On 20 April 2017, two Afrikaner men, Doorewaard and Schutte, encountered Matlhomola Jonas Moshoeu and another boy carrying five stolen sunflower heads. The boys ran away, abandoning the sunflower heads. Moshoeu was apprehended by the farm managers and placed in the back of their pickup truck. While en route to the Coligny police station, approximately 3 km from town, Moshoeu reportedly disappeared from the truck's load bed, with the men claiming he had jumped off. Upon returning, they found Moshoeu critically injured on the road. A passerby was asked to look after him while the men proceeded to the police station to summon an ambulance. Moshoeu later died of his injuries on the way to a hospital in Lichtenburg.

On 24 April 2017, it was decided to charge the farm managers with murder. They turned themselves in to the police on 25 April and were charged and requested to hand over the pickup truck involved in the incident. They appeared before a magistrate court on 28 April 2017. Magistrate Mattheus van Loggerenberg, a Coligny resident, recused himself from the case, citing concerns for his safety and that of his family. The case was postponed to 9 May 2017 for a formal bail application. Further incidents of violence occurred after the two co-accused were released on bail, including the torching of a farmhouse, an attack on a photographer, and confrontations between protesters and farmers. Judge Ronald Hendricks of the High Court in Mahikeng sentenced the two men, Doorewaard and Schutte, to 18 and 23 years respectively, following the acceptance of testimony from the state witness, Mr. Pakisi.

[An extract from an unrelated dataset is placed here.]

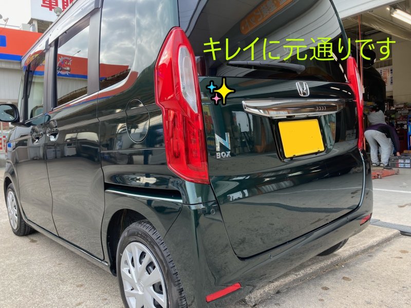 愛知県半田市|N-BOX(ホンダ)のキズ・へこみ直し事例(バックドアへこみ修理・バンパ交換・リアフェンダー修理・テールランプ交換)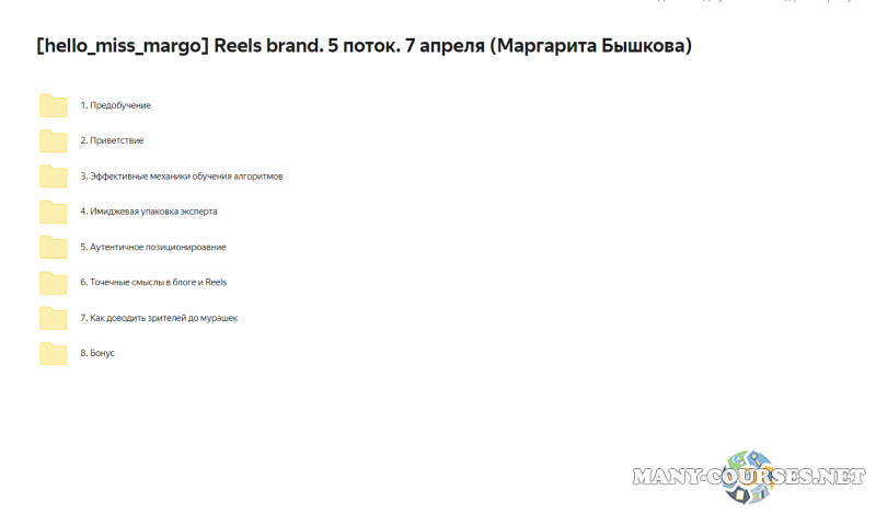 Вы находитесь на странице товара «hello_miss_margo / Маргарита Бышкова - Reels brand. 5 поток. Тариф Premium», это материал 2023 года, который, мы надеемся, принесет вам пользу. Данный курс расположен на платформе «Яндекс Диск».Скриншоты с платформы на которой расположены материалы вы можете найти выше. В нашем магазине курсы доступны по самым выгодным ценам. Вы получаете этот курс, купив в нашем магазине MANY-COURSES.NET, с огромной скидкой, всего 620 рублей. Обучающий курс входит в рубрику «SEO и SMM / Курсы по Reels », вы можете поискать другие сливы курсов в этой рубрике. В нашем магазине Вы найдёте ещё много курсов от автора «Маргарита Бышкова», достаточно ввести в поиск имя автора.

However, on appeal, the men's conviction was overturned. The testimony of Mr. Pakisi, the sole evidence relied upon by the State, was deemed inconsistent and unreliable. No cartridge casings were found at the locations where Pakisi claimed he was shot at, and his timeline of events could not be reconciled with known times. The investigation failed to find or collect blood stains or samples in the vehicle, at any location where Moshoeu was allegedly assaulted, or on the jersey Pakisi reportedly used to wipe away Moshoeu's blood. The court found that the State did not prove its case beyond a reasonable doubt, leading to the acquittal of Doorewaard and Schutte after they had spent 13 months in jail. AfriForum funded the appeal costs, and its private prosecution unit provided support in the case investigation. In 2019, the Moshoeu family was donated a new house in Verdoorn Park, Coligny, by Gift of the Givers, on land donated by the Ditsobotla Local Municipality.